Like his St. Louis competition in the wholesale liquor trade, Riesmeyer was generous in gifting customers with advertising items.  Shown above are two shot glasses that would have been provided to saloons, hotels and restaurants carrying his liquor.  He also gave out “back-of-the-bar” bottles.  The one shown here advertised “Old Maryland Rye” in gold lettering.


Riesmeyer packaged his whiskey ia highly distinctive container, a quart jug made by the Knowles, Taylor & Knowles (KT&K) pottery in East Liverpool, Ohio. To liquor outfits nationwide the ceramics firm offered these “hotel porcelain” bodies, all distinguished by the snake handle.  Riesmeyer’s KT&K jugs have the distinction of coming in the widest variety of colors, including brown, purple, and three shades of blue, represented by examples shown here.

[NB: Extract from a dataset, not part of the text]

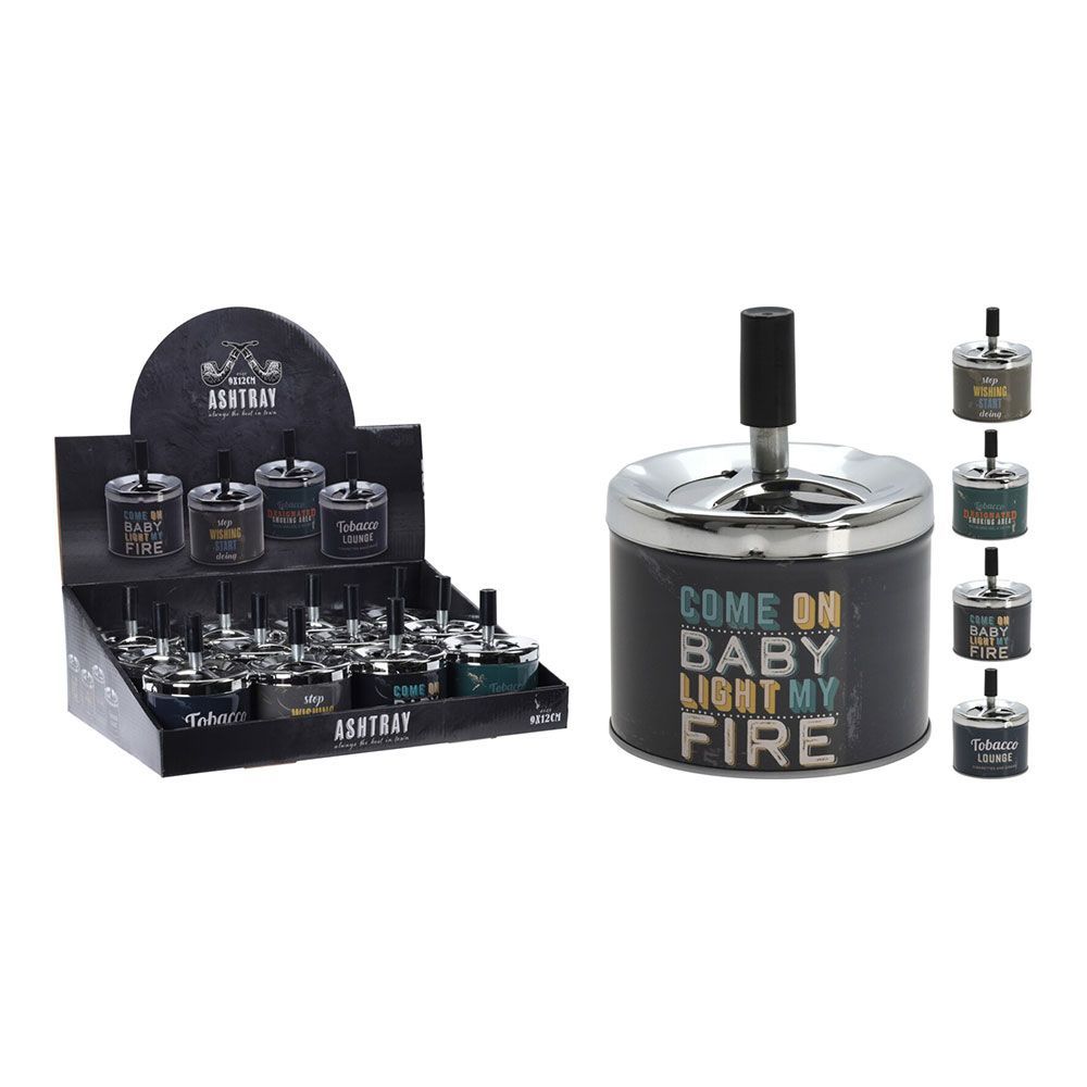Cenicero Con Sistema Giratorio Para Almacenar La Ceniza, Acero Cromado Ø9 X 12 Cm, Modelos Surtidos Vintage. Expositor 12 Unidades

Riesmeyer was criticized by Baltimore liquor interests for appropriating  “Maryland” for his whiskey and using the Maryland seal for a whiskey he had concocted some 800 miles west of the state.  Nor was there any guarantee this brand contained even a drop of true Maryland rye.  Calling his enterprise the G. Riesmeyer Distilling Company, the proprietor nonetheless made Old Maryland his flagship brand.



As shown below amid his wife and children, Gustave appears to be a man who enjoyed the domestic bliss of home and hearth.  As a symbol of his care, he housed his family in a spacious pillared home at 3112 Hawthorne Boulevard in St. Louis.  The house is shown here as it looks today.  At the same time, Riesmeyer was making a reputation for himself as a canny businessman and a local liquor industry leader. 


 


A.J. Sunstein

Looking out from his headquarters in Pittsburgh about 1905, A. J. Sunstein, president of the National Wholesale Liquor Dealers Association, saw considerable advantage in drawing Riesmeyer onto the executive committee of his organization, thus putting him in the forefront of  industry efforts to offset the growing power and effectiveness of the Prohibition Movement.  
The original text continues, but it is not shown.